Congratulations to AL33 and thank you longbowdave1 for the chance.


----------



## T.P. (Feb 22, 2011)

Congrats AL33, and Longbowdave that was a mighty nice quiver you gave away!


----------



## Al33 (Feb 22, 2011)

Thanks so much Dave!!!! I will treasure it for sure. It's gonna make a nice display for my rivercane arrows.


----------



## longbowdave1 (Feb 22, 2011)

thanks guys!


I hope you enjoy it Al! You'll have to take a picture with the rivercane arrows in it, bet that will make a nice photo.


----------



## SELFBOW (Feb 22, 2011)

longbowdave1 said:


> I wish i had a quiver for each of you, maybe I'll make another one in the future and we can try again!

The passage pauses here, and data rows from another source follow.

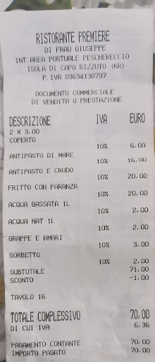 Read moreSiamo venuti la sera di ferragosto. Eravamo scettici visto alcune recensioni che ci avevano lasciato un po' interdetti. Non avendo alternative siamo andati lo stesso. Siamo rimasti piacevolmente sorpresi dal fatto che non abbiamo riscontrato nulla di quello che è stato scritto, il che ci ha fatto dubitare sulla veridicità di certe affermazioni. Quindi diffidate perché abbiamo mangiato benissimo. Pesce freschissimo e cucinato a puntino. Io ho preso un trancio di spada davvero squisito. Ma la specialità è stato il primo con il pescato del giorno che ha preso mio marito: scorfano e rana pescatrice. Servizio veloce e cameriere molto gentili. Il fatto che nel menu non ci siano così tante proposte e, soprattutto, che non ci siano alternative di carne è sintomo di autenticità che preserva la qualità della materia prima. È stata la nostra cena conclusiva delle vacanze e non ci ha deluso affatto! Provare...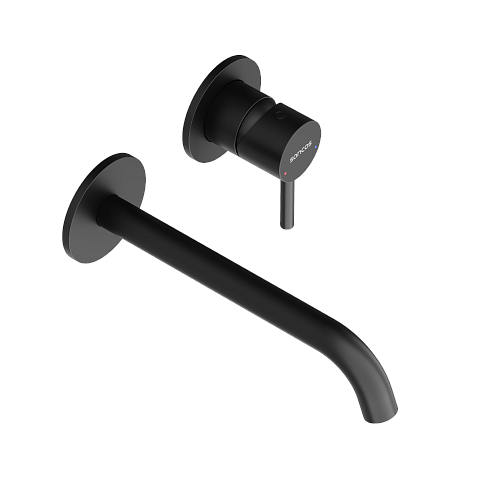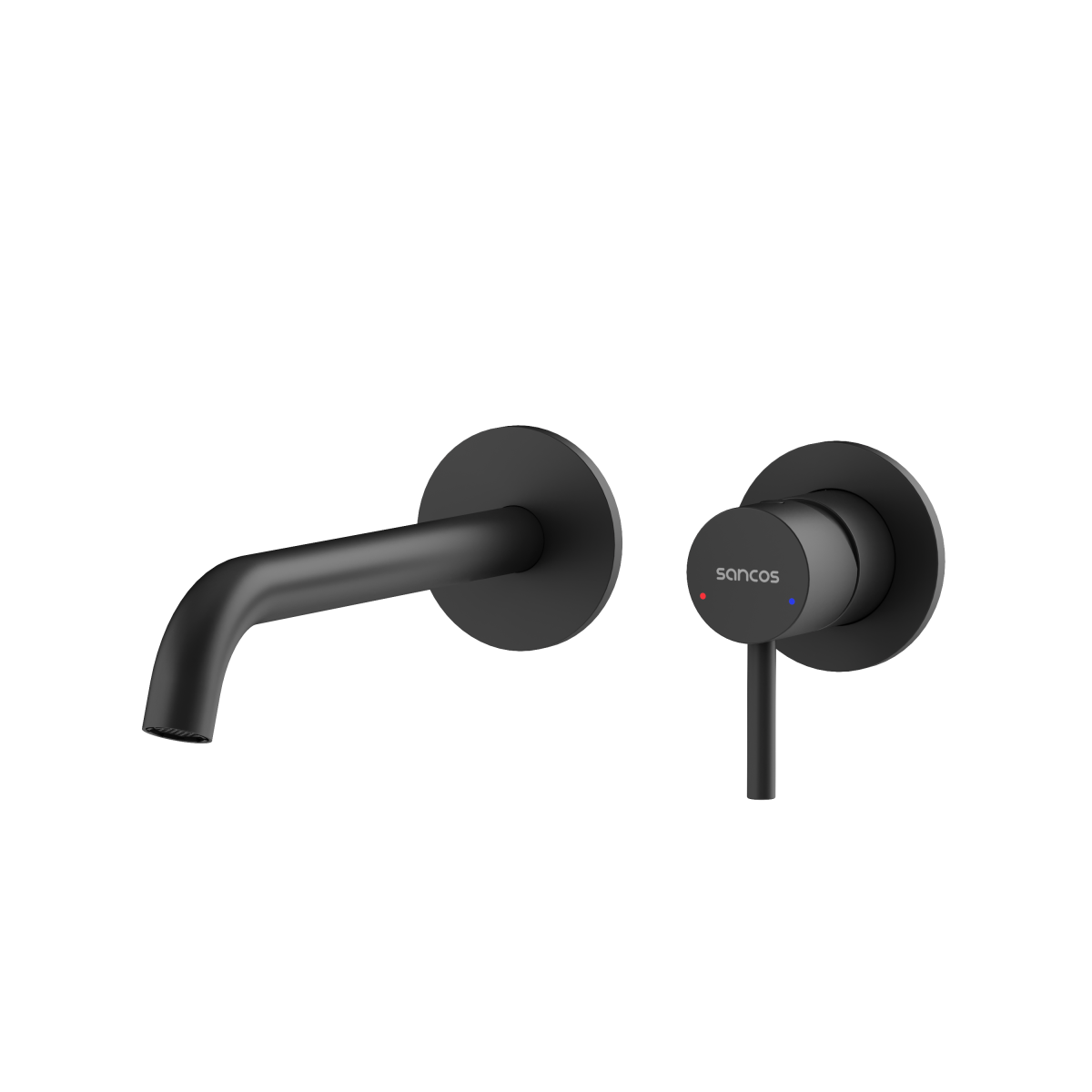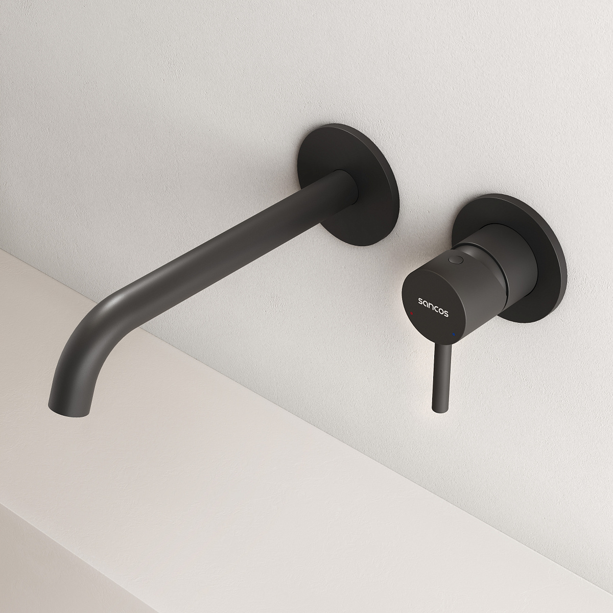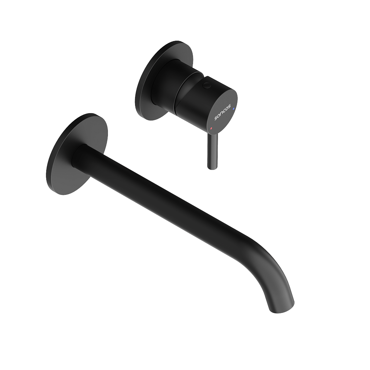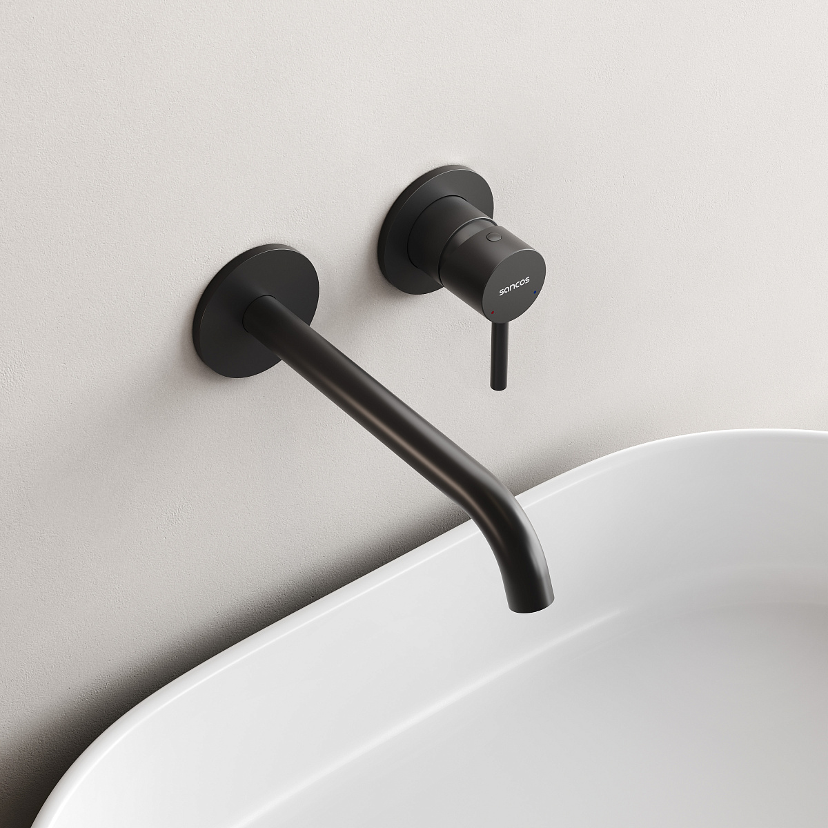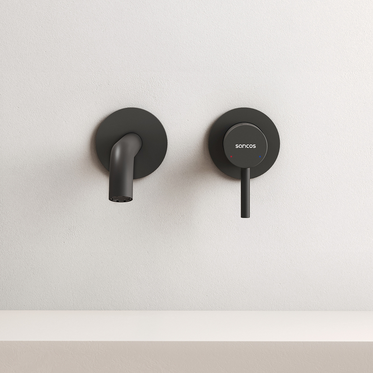 Встраиваемый в стену смеситель для раковины с внутренней частью из латуни; Точная регулировка температуры и напора воды с используемыми картриджами SEDAL (Испания); Мягкий поток воды без разбрызгивания за счёт силиконовых аэраторов Neoperl®; Надежное покрытие методом элетроплейтинга; Цвет матовый черный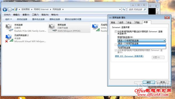 7、在网络连接里,右键单击已连接到Internet的网络连接,选择“属性”→“共享”,勾上“允许其他网络用户通过此计算机的Internet连接来连接(N)”并选择“无线W网络连接2”。确定之后,提供共享的网卡图标旁会出现“共享的”字样,表示“宽带连接”已共享至“无线W网络连接2”。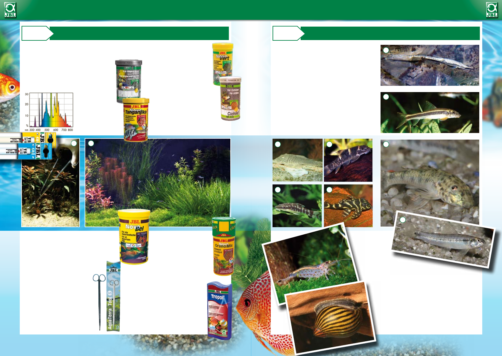 (1), doctor fish (Garra spec.) (2), dwarf sucking cat-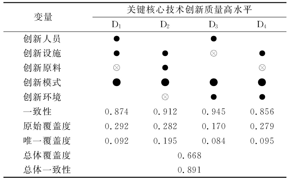 表9 环节内关键核心技术创新质量高水平组态分析结果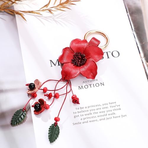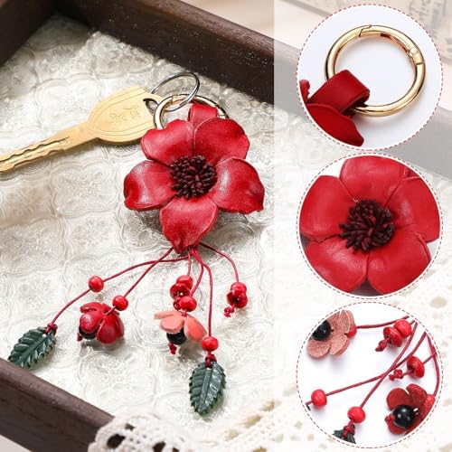 Retro and Boho: the main shape of our leather flower tassel keychain is a flower with tassel and leaf style, which looks full of bohemian style, is a good accessory choice to finish your bag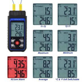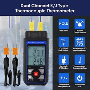 Termômetro digital de termopar, termopar, medidor de HVAC, registrador de dados de termopar, termômetro de alta temperatura, termômetro com sonda de temperatura, termopar tipo J, termopar tipo k, termômetro de canal duplo, leitor de termopar tipo k, termômetro tipo k duplo, termômetro com termopar, sonda tipo J - Ampla faixa de medição de temperatura: a faixa de medição de temperatura do termômetro da unidade principal é de -328 a 1,371.7 °C (-200 a 1372°C), e a faixa de aço inoxidável das sondas tipo K é: -58 a 700.0 °C (-50 a 700 °C), os termopares tipo contas (o azul Cor: – Atende perfeitamente aos requisitos do usuário para testes de superaquecimento ou sub-resfriamento. É uma ferramenta ideal para HVAC, forno micro-ondas, aquário, equipamento de refrigeração, etc - Canal duplo com 4 pares térmicos: nosso termômetro tipo K oferece dois canais de medição simultânea de temperatura T1 e T2, com dois tipos de termopares, quatro peças de sondas (2 peças de sondas tipo K de aço inoxidável + 2 peças de sondas tipo miçanga) que permitem a medição de temperatura diferencial de canal duplo - ALARME DE FLASH DE ALTA / BAIXA TEMPERATURA: Este termômetro termopar possui função de alarme de flash alto e baixo, que permite que você saiba instantaneamente que os valores de temperatura atuais estão sobrecarga ou menores do que seus limites predefinidos - Medidor versátil: este medidor de termopar K e J tem uma tela LCD HD grande com luz de fundo que permite leituras duplas de temperatura para facilitar a leitura, mesmo em áreas escuras. Unidades de temperatura °C e ? comutáveis, medidas tipo K e J comutáveis, retenção de dados, média mínima máxima, função de desligamento automático ou não - A compensação ADJ garante a medição de precisão: este medidor de temperatura HAVC integrado com sensor térmico de alta qualidade garante uma medição de alta precisão e estabilidade. Basta pressionar os botões [Hi] e [Low] juntos, o usuário pode ajustar o valor de compensação ADJ (intervalo de -9 a 9 ? / 15,8 a 9.0 °C) para concluir o procedimento de calibração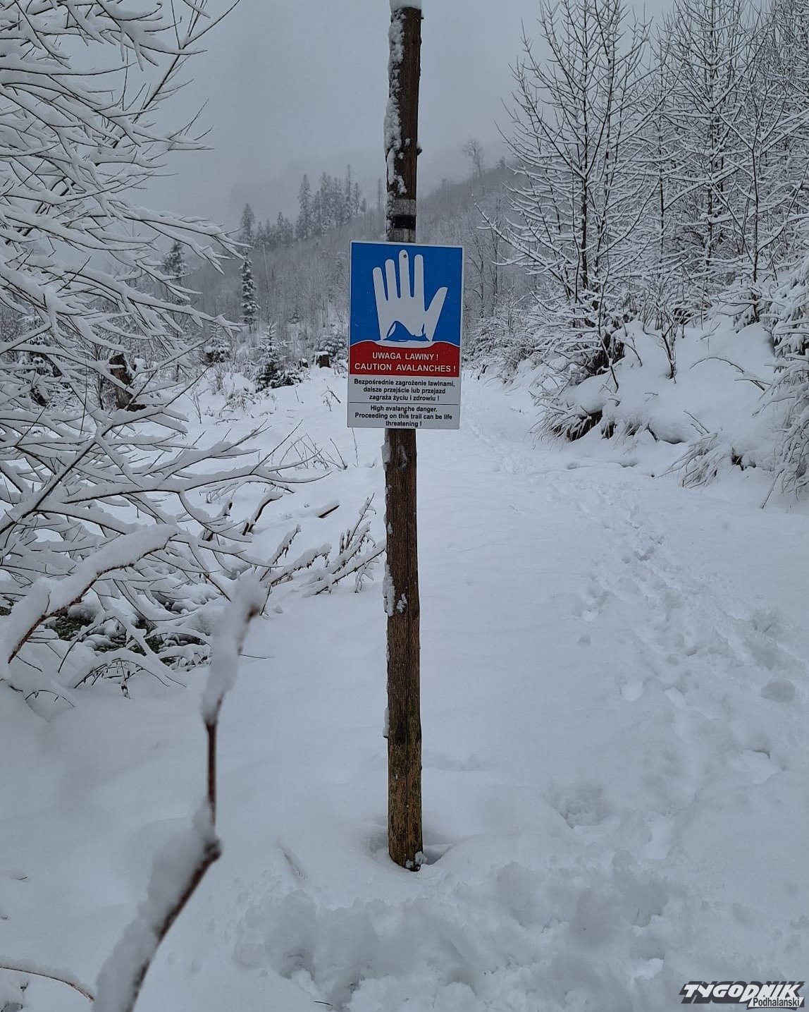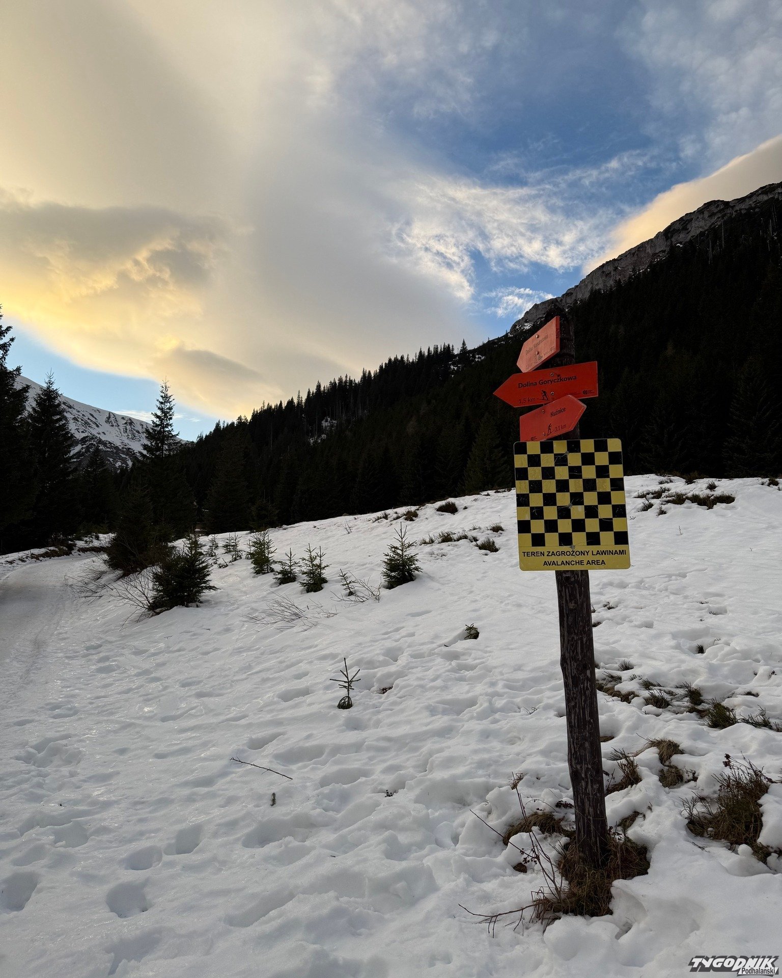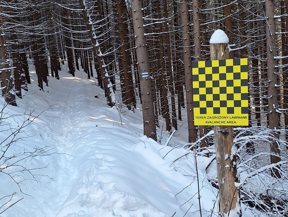 Tablice informują o zagrożeniu lawinowym.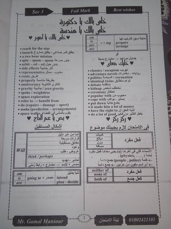 أحلى تلخيص لمنهج الانجليزى ثالثة ثانوي 8 ورقات مش هيخرج عنهم الامتحان ان شاء الله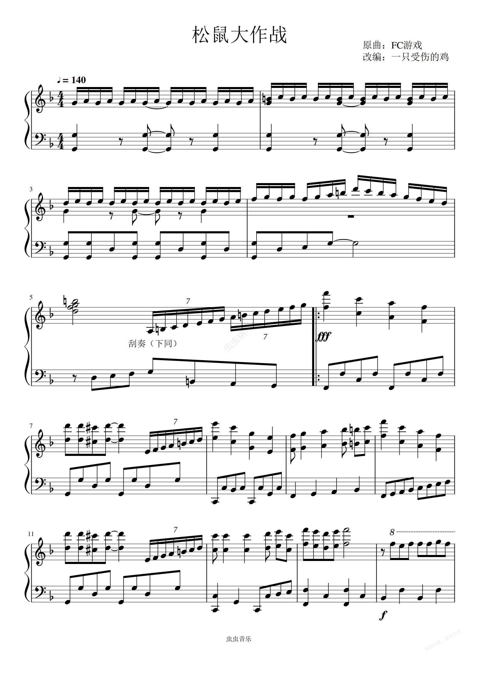 松鼠大作战BGM,做了适当的简化,难度降低很多,适合初学者

It's a long time til Christmas


----------



## WildWillie (Feb 22, 2011)

Congrats Al!


----------



## TNGIRL (Feb 22, 2011)

Congratulations Al!!!!!! That is an awesome quiver!!!
But I'm sorta confused I guess...is it Friday already?????


----------



## threeleggedpigmy (Feb 23, 2011)

Thank you Longbowdave for the chance to win.


Congrats to AL33


----------



## longbowdave1 (Feb 23, 2011)

tomi,

 i only had three names come in all day yesterday so i thought most folks were in  who were interested.


----------



## TNGIRL (Feb 23, 2011)

that's OK....I just wanted you to have enough time to put my name in on a BIG RED piece of cardboard....!!! I'm so proud for Al.......


----------



## howie_r (Feb 23, 2011)

Congrats AL!!!!


----------



## longbowdave1 (Feb 23, 2011)

Al,
The quiver went out priority mail at noon today, you should see it friday or saturday. 



Tomi,
 i think there will be more chances to win in the furure, I'm already thinking up a quiver with a little twist for the next one.


----------



## TGUN (Feb 23, 2011)

Congrats Al - Will fit right in with half a dozen River Canes.


----------



## johnweaver (Feb 23, 2011)

Lets hear it for the Pirate!!!


----------



## GAcarver (Feb 24, 2011)

Please enter me in the drawings and thank you for the chance.

Randy McClure


----------



## Reed Creek Head Hunter (Feb 24, 2011)

Could you add my name to the list?


----------



## threeleggedpigmy (Feb 24, 2011)

Congrat to al33, on the contest


----------